All Products
Search
Document Center

DataWorks:LogHub (SLS) single table real-time synchronization to Data Lake Formation

Last Updated:Nov 14, 2025

Data Integration supports real-time synchronization of single table data from sources such as LogHub (SLS) and Kafka to Data Lake Formation through ETL. This topic describes how to synchronize single table data in real time from LogHub (SLS) to Data Lake Formation.

Limitations

Only Serverless resource groups are supported.

Prerequisites

Procedure

1. Select a synchronization task type

  1. Go to the Data Integration page.

    Log on to the DataWorks console. In the top navigation bar, select the desired region. In the left-side navigation pane, choose Data Integration > Data Integration. On the page that appears, select the desired workspace from the drop-down list and click Go to Data Integration.

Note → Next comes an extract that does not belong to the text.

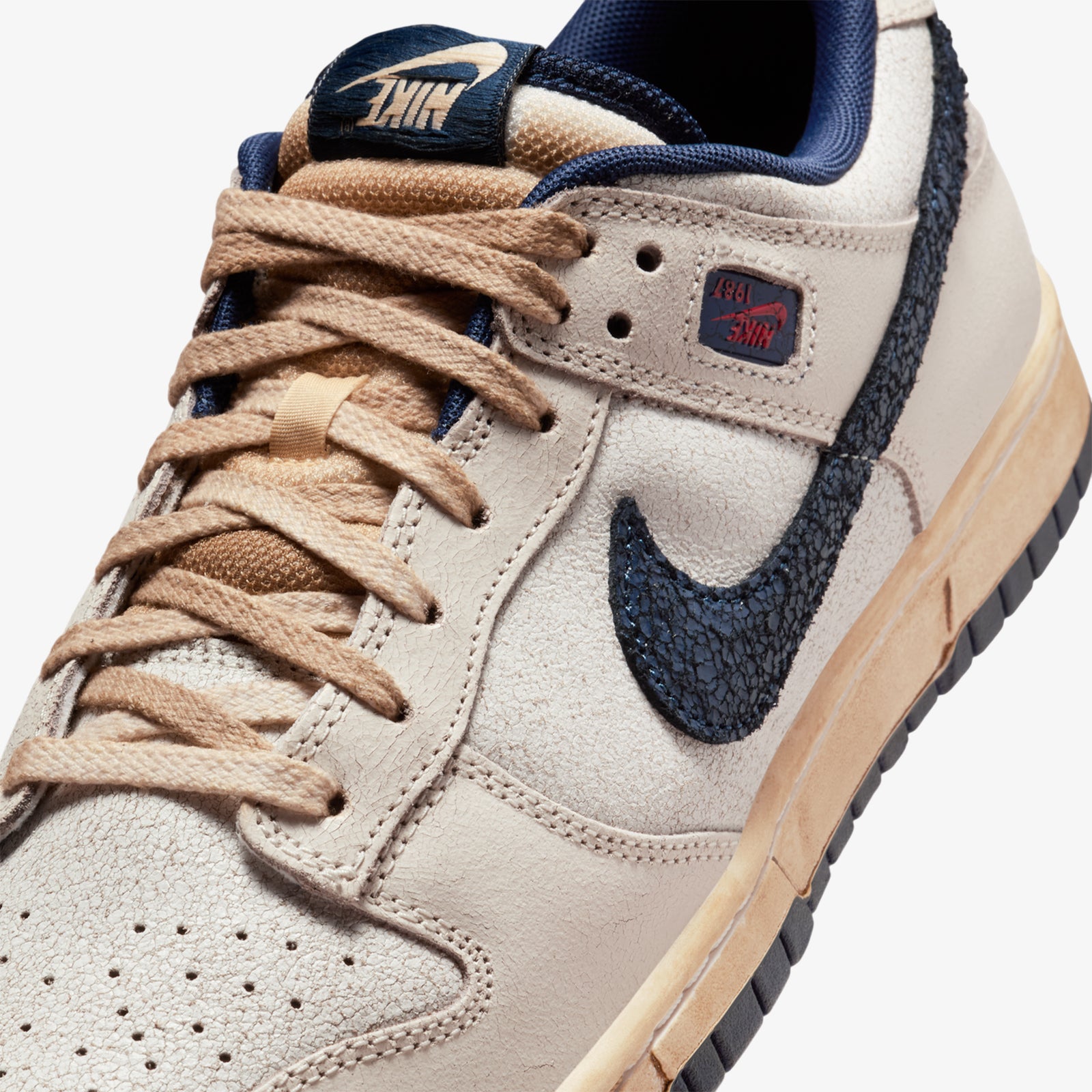 The upper likely combines smooth leather panels with textile or suede accents, using light Phantom tones as a backdrop for contrasting details. A padded tongue and collar keep the familiar Dunk comfort, while the low cut profile preserves that easy, everyday wear the silhouette is known for. Underfoot, a traditional rubber cupsole and foam midsole maintain the classic Dunk feel that connects back to its 80s origins.

  2. In the left-side navigation pane, click Sync Task. Then, click Create Sync Task at the top of the page to go to the sync task creation page. Configure the following basic information:

    • Data Source And Destination: LogHubData Lake Formation

    • Task Name: Customize a name for the synchronization task.

    • Sync Type: Single Table Real-time.

2. Configure network and resources

  1. In the Network And Resources section, select a Resource Group for the synchronization task. You can allocate the number of compute units (CUs) for Task Resource Usage.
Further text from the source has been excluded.